What you return should be the lines from the one with "Garsonijera se sastoji" through the one with "Mass spectra with" in the data below, reproduced exactly with both ends, and no pictures at all.

===== Entries provided =====

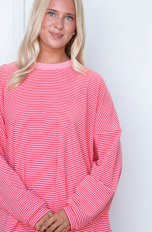 SOLD OUTStriped Fleece Oversize Top Pink
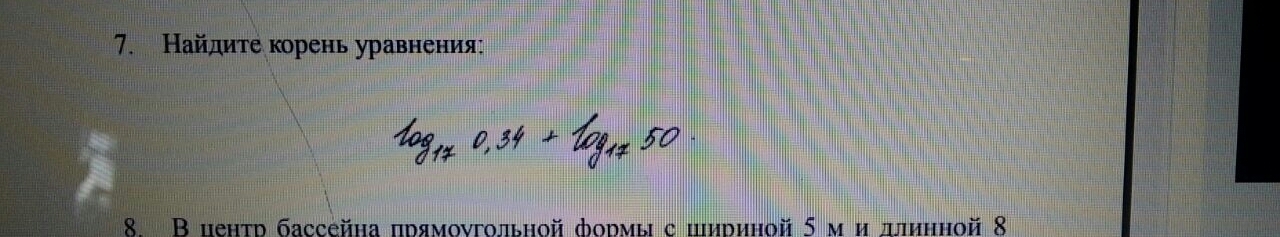 log17(0,34)+log17(50)=log17(0,34*50)=log17(17)=1
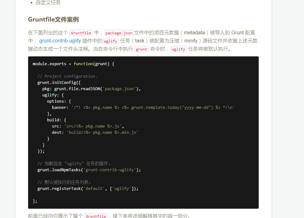 grunt.loadNpmTasks('grunt-contrib-uglify'); 从字面上就可以看出来/,加载能够提供"uglify"任务的插件。
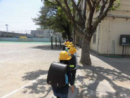 学校でたくさんのことを学んだ1年生。下校の時間になりました。しばらくは先生の指導のもと、友達と班をつくり一斉に帰ります。「元気に学校での生活を終え、そして元気におうちに帰る」・・・この日常の生活を、あたりまえと思うことなく、元気に過ごせたことに感謝していきたいと思います。交通事故にいつも気を付けて、安全で楽しい学校生活を送ってほしいと願っています。
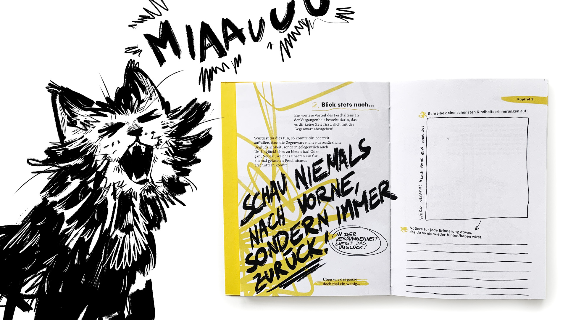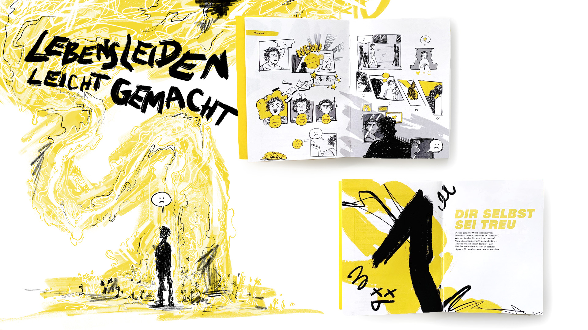 ›Glücklich sein, und was hast du dann davon?‹ ›Lebensleiden Leicht Gemacht‹ ist ein informatives, interaktives Anti- Selbsthilfebuch, welches einem die wichtigsten Taktiken und Techniken zum Unglücklichsein näherbringt. Mithilfe von gestalterischen Mitteln, die zwischen Schulbuch und Graphic Novel angesiedelt sind, werden die Inhalte aus Paul Watzlawicks ›Anleitung zum Unglücklichsein‹ in dieser Arbeit neu umgesetzt und kommuniziert. Weil man hat uns nun wirklich zu lange eingeredet, dass die Suche nach Glück uns dieses schließlich erbringen wird.
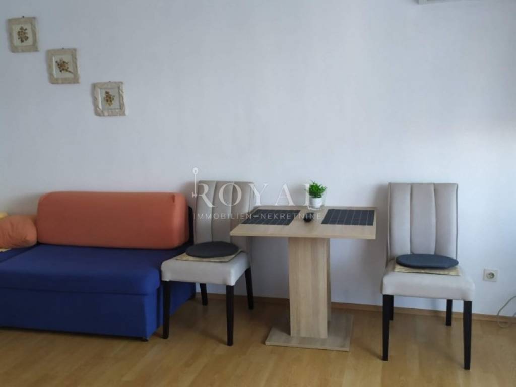 Garsonijera se sastoji od kuhinje, prostranog dnevnog boravka koji služi i kao spavaći dio, predsoblja, kupaonice te balkona. Stan je južno orijentiran, vrlo sunčan tijekom cijelog dana i pruža lijep, otvoren pogled na more.
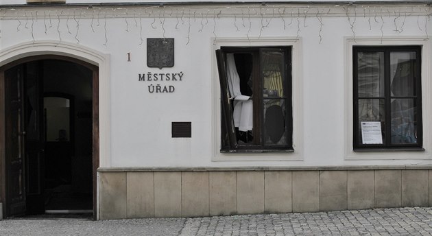 V přízemí budovy byla po výbuchu vytlučená okna.
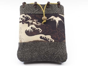 巾着(印籠型携帯電話入れ)・鱗柄に獅子図
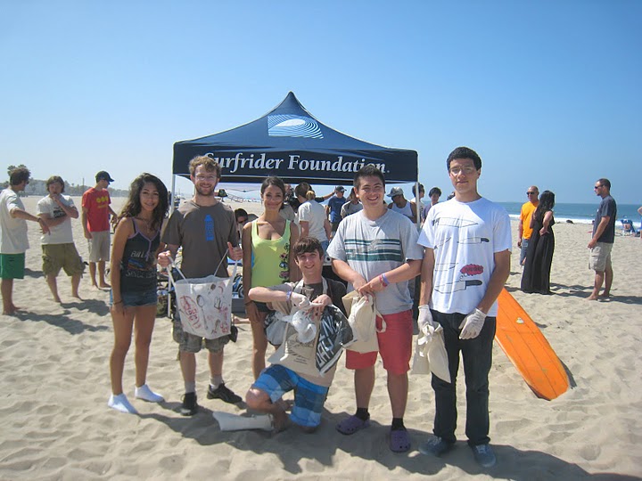 By invitation of Sara Bayles, Team Marine attended a beach cleanup at Santa Monica's lifeguard tower 26 in honor of International Surfing Day, on June 20th, 2010. Close to 40 others accompanied Team Marine in the cleanup, collecting 71.7 pounds of trash from the seemingly clean Santa Monica Beach spot. All that attended were entered into raffles for surfboard demos, shirts, and other prizes, and were provided with a great breakfast of pastries, bagels, and drinks. Participants also competed for prizes for oddest object collected, heaviest object collected, most trash collected, etc. It seemed that Kou won most of them, collecting the most and finding a candle in the shape of a naked woman which was voted the oddest object of the day. We want to give a big thanks to Sara Bayles and Mike Takahashi for organizing, as well to the sponsors of the cleanup including Surfrider, Arbor, and Aqua Surf School.
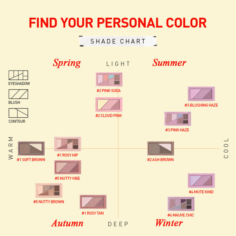 Explore a spectrum of looks, from everyday neutrals to vibrant colors, amplified by hidden colors - all tailored to your personal color. The more you experiment, the more diverse and exciting your makeup becomes.
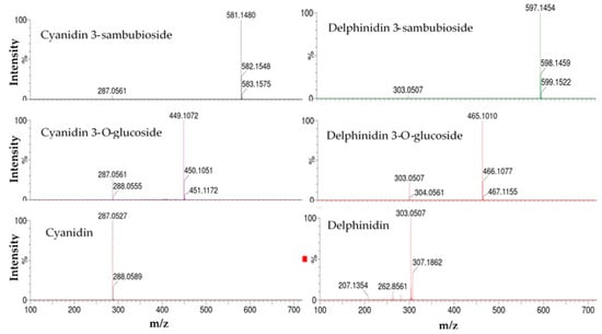 Mass spectra with a collision energy of 10 V for the identification of anthocyanins and anthocyanidins.
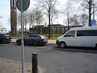 's Middags ben ik op de fiets gestapt om even wat post naar de loods te brengen. Wat een volk op zowel de fietspaden als de trottoirs! Ik zag dat op de parkeerplaats voor campers weer personenauto's stonden. Voor veel camperaars een ergernis. Velen weten niet dat zo'n extra wit bord een exclusiviteit aangeeft. Hier in de buurt parkeert iemand een benzineauto geregeld op een oplaadplek. Op het punt waar ik stond om de foto te nemen, staan voertuigen van Handhaving geparkeerd. Onderweg reed ik weer bijna iemand aan. Het was een oudere man, die enkel naar de grond keek. Was ie soms op zoek naar geld? Je weet het niet in deze rampzalige tijd. Relatief veel ouderen lopen zo gebogen. Zouden ze denken dat men ze niet mogen?

=====

**Output of the task**
 Garsonijera se sastoji od kuhinje, prostranog dnevnog boravka koji služi i kao spavaći dio, predsoblja, kupaonice te balkona. Stan je južno orijentiran, vrlo sunčan tijekom cijelog dana i pruža lijep, otvoren pogled na more.
 V přízemí budovy byla po výbuchu vytlučená okna.
 巾着(印籠型携帯電話入れ)・鱗柄に獅子図
 By invitation of Sara Bayles, Team Marine attended a beach cleanup at Santa Monica's lifeguard tower 26 in honor of International Surfing Day, on June 20th, 2010. Close to 40 others accompanied Team Marine in the cleanup, collecting 71.7 pounds of trash from the seemingly clean Santa Monica Beach spot. All that attended were entered into raffles for surfboard demos, shirts, and other prizes, and were provided with a great breakfast of pastries, bagels, and drinks. Participants also competed for prizes for oddest object collected, heaviest object collected, most trash collected, etc. It seemed that Kou won most of them, collecting the most and finding a candle in the shape of a naked woman which was voted the oddest object of the day. We want to give a big thanks to Sara Bayles and Mike Takahashi for organizing, as well to the sponsors of the cleanup including Surfrider, Arbor, and Aqua Surf School.
 Explore a spectrum of looks, from everyday neutrals to vibrant colors, amplified by hidden colors - all tailored to your personal color. The more you experiment, the more diverse and exciting your makeup becomes.
 Mass spectra with a collision energy of 10 V for the identification of anthocyanins and anthocyanidins.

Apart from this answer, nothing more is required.